The controller receives the signal of the rotating brake handle and is used for driving the motor. The brake crank signal is a signal generated by the combined action of the brake crank and the crank. Wherein, the brake lever includes left brake lever and right brake lever, and the electric motor car can be for lightly rubbing.

The computer program product provided in the embodiment of the present invention includes a computer-readable storage medium storing a program code, where instructions included in the program code may be used to execute the method described in the foregoing method embodiment, and specific implementation may refer to the method embodiment, which is not described herein again.

It is clear to those skilled in the art that, for convenience and brevity of description, the specific working processes of the system and the apparatus described above may refer to the corresponding processes in the foregoing method embodiments, and are not described herein again.

In addition, in the description of the embodiments of the present invention, unless otherwise explicitly specified or limited, the terms "mounted," "connected," and "connected" are to be construed broadly, e.g., as meaning either a fixed connection, a removable connection, or an integral connection; can be mechanically or electrically connected; they may be connected directly or indirectly through intervening media, or they may be interconnected between two elements. The specific meanings of the above terms in the present invention can be understood in specific cases to those skilled in the art.

The functions, if implemented in the form of software functional units and sold or used as a stand-alone product, may be stored in a computer readable storage medium. Based on such understanding, the technical solution of the present invention may be embodied in the form of a software product, which is stored in a storage medium and includes instructions for causing a computer device (which may be a personal computer, a server, or a network device) to execute all or part of the steps of the method according to the embodiments of the present invention. And the aforementioned storage medium includes: a U-disk, a removable hard disk, a Read-Only Memory (ROM), a Random Access Memory (RAM), a magnetic disk or an optical disk, and other various media capable of storing program codes.

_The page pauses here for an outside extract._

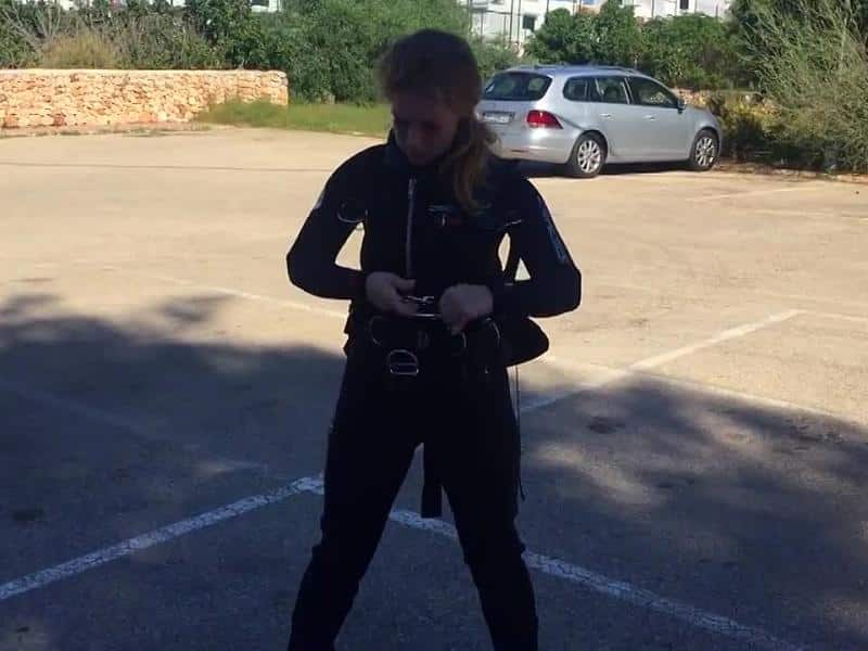 Um für meinem 856. Tauchgang in den Genuss der Schwerelosigkeit zu kommen, lasse ich Euch bei meinen Vorbereitungen zuschauen. Ich muss mich komplett umziehen. Ich zwänge mich in den Neoprenanzug. Er liegt wie eine zweite Haut an mir. Hinzu kommen Rucksack, Schuhe, Taucherbrille.

In the description of the present invention, it should be noted that the terms "center", "upper", "lower", "left", "right", "vertical", "horizontal", "inner", "outer", etc., indicate orientations or positional relationships based on the orientations or positional relationships shown in the drawings, and are only for convenience of description and simplicity of description, but do not indicate or imply that the device or element being referred to must have a particular orientation, be constructed and operated in a particular orientation, and thus, should not be construed as limiting the present invention. Furthermore, the terms "first," "second," and "third" are used for descriptive purposes only and are not to be construed as indicating or implying relative importance.

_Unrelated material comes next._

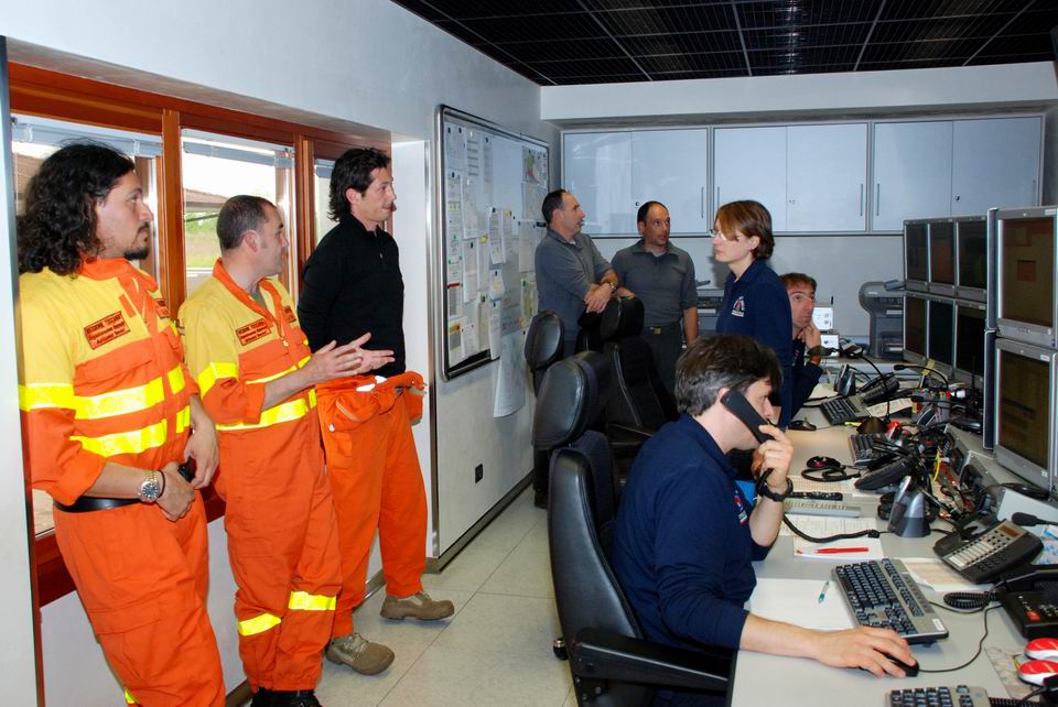 I tecnici della Protezione civile hanno accolto gli ospiti e li hanno accompagnati nella visita del Centro Operativo, soffermandosi in particolare presso la Sala Operativa Regionale (SOR), il centro di calcolo e la sala emergenze. Hanno quindi illustrato la struttura del Sistema di Protezione civile del Friuli Venezia Giulia e come si relaziona con Prefetture e altri Organi dello Stato in caso di calamità e/o di eventi in emergenza, con particolare riferimento alle attività relative agli incendi boschivi (prevenzione, lotta attiva e ripristino).

Finally, it should be noted that: the above-mentioned embodiments are only specific embodiments of the present invention, which are used for illustrating the technical solutions of the present invention and not for limiting the same, and the protection scope of the present invention is not limited thereto, although the present invention is described in detail with reference to the foregoing embodiments, those skilled in the art should understand that: any person skilled in the art can modify or easily conceive the technical solutions described in the foregoing embodiments or equivalent substitutes for some technical features within the technical scope of the present disclosure; such modifications, changes or substitutions do not depart from the spirit and scope of the embodiments of the present invention, and they should be construed as being included therein. Therefore, the protection scope of the present invention shall be subject to the protection scope of the appended claims.